The unfamiliar is subtly hidden due to optimization logic rather than malice. Whether the business can or even wants to address this narrowing effect is still up for debate In the meanwhile, eateries that do become viral may face severe pressure. Can a little matcha cafe truly withstand the unexpected onslaught of a fifty person line before doors open? Bardos poses a question that isn’t often answered.
Can a modest Filipino restaurant match the expectations of patrons whose anticipation was heightened by a slow motion 4K reel? In a city like Sydney, cultural pride and culinary underrepresentation might generate immediate excitement. There is actual operational strain. Wait times can reach 70 or 90 minutes. burnout among employees. decreases in quality.
And when reality falls short of the shiny promise of a fifteen second film, the very hype that packed the seats can become a reputational disaster. Naturally, corporations have figured out how to precisely take advantage of this ecology. For example, the collaboration between Popeyes and Don Julio Tequila did not naturally result from customer excitement.
Celebrity endorsements, viral jingles, and targeted social media placement were all designed to create a cultural moment. Sales at Don Julio increased by 20% in 2023, following the pattern of the 2019 Popeyes Chicken Sandwich mania. As this develops, it’s difficult to avoid wondering how much of what appears to be grassroots culinary culture is really corporate strategy disguised as TikTok.
The manager of Sydney’s Corner 75 and Baba’s Place, Jean Paul El Tom, adopts a more realistic perspective. He is adamant about keeping reel culture at far and concentrating on the things he can control, including wholesome food, ethical sourcing, and a product he is proud of. Online criticism erupted as soon as Corner 75’s ownership shifted. However, the anger lessened when the quality of the schnitzel and goulash remained mostly unchanged, perhaps even slightly improved. El Tom’s stance is practical a dining room can be filled with viral content, but if the cuisine is truly awful, people will ultimately realize it. When a robust internet presence offers cover, it simply takes longer to sift out the subpar.
We seem to be at a peculiar turning point. According to industry reports, about 70% of restaurant operators are currently testing or preparing AI deployments. McDonald’s alone has spent more than $300 million on AI and machine learning, including drive thru systems that use license plate readers to record orders and adjust recommendations in the future. Prediction is the goal, not just efficiency. becoming aware of your desires before they arise.

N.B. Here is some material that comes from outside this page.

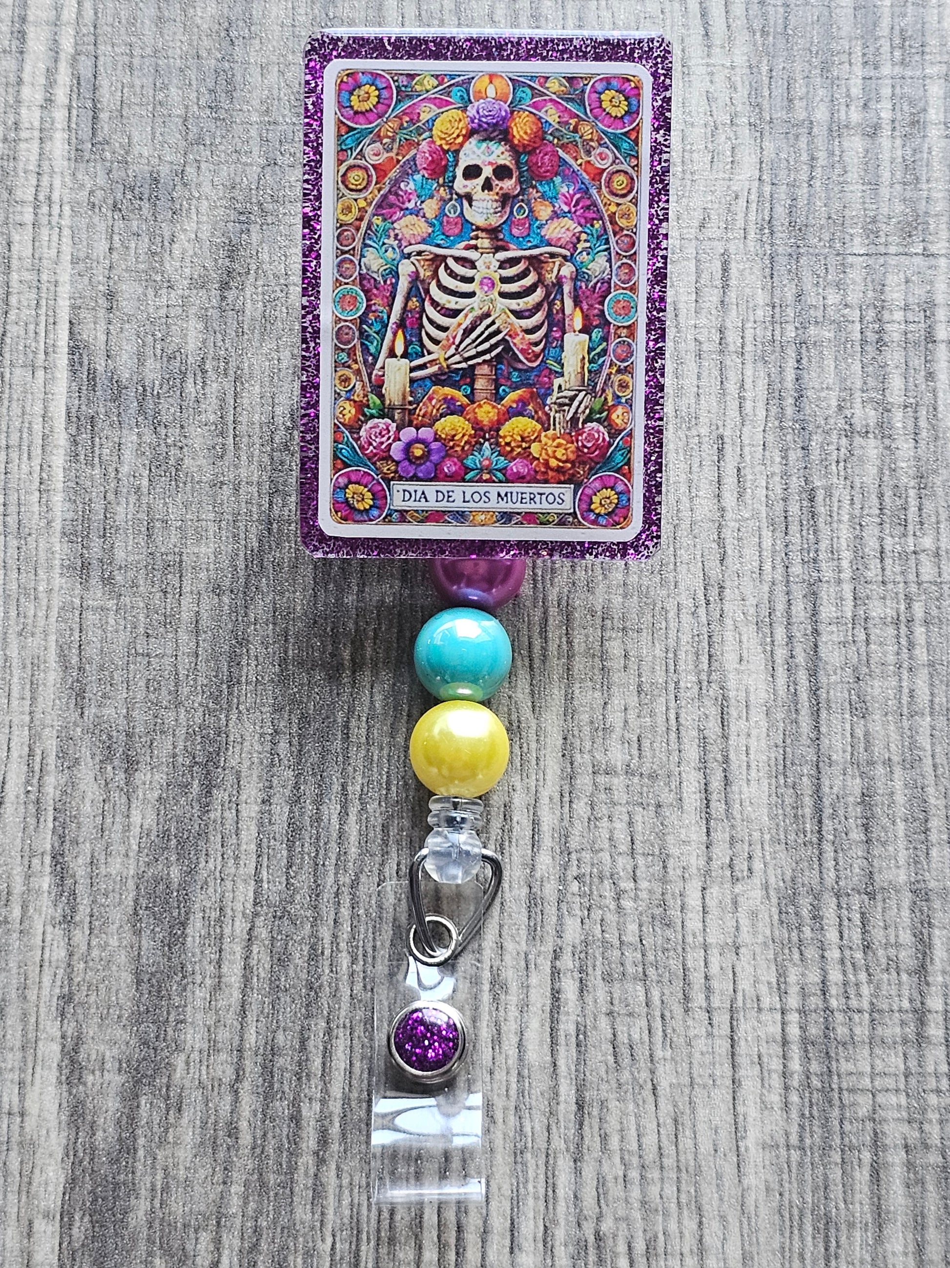 Dia De Los Muertos Tarot Badge Reel: Elegant and Ethereal. This exquisite badge reel features a captivating skeleton surrounded by vibrant flowers and adorned with a stunning flower crown, inspired by the traditional Dia De Los Muertos celebration. Perfect for adding a touch of gothic beauty to your daily essentials.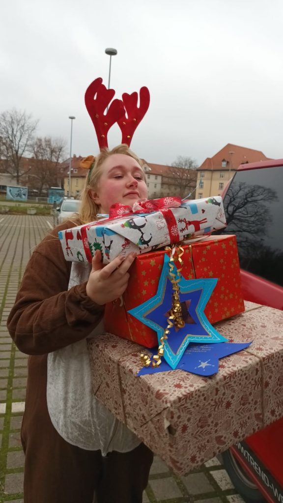 Am 22.12.2026 besuchten unsere zwei Kinderhauswichtel und das Rentier 65 Kinder aus unserem Kinderhaus und überbrachten ihn mit viel Freude und Herzlichkeit ein Weihnachtsgeschenk. Wir danken dem Warenhaus „Globus“ in Isserstedt und dem Nahkauf „Heyer“ in der Weimarer Bodelschwinghstraße für ihre Wunschbäume, welche diese Weihnachtsaktion ermöglichten.

However, it’s unclear if an algorithm that keeps suggesting Big Macs because you ordered one last Tuesday is actually helping you or if it’s just benefiting itself.
The best form of this technology would do something more intriguing, more akin to a superb restaurant server’s intuition when they see that you’re in the mood to try something new and recommend the off menu special because they read your energy rather than your past purchases. Prediction and true hospitality continue to diverge greatly. The algorithm powering restaurant buzz will continue to feed us what it believes we already want, one auto play reel at a time, until it narrows.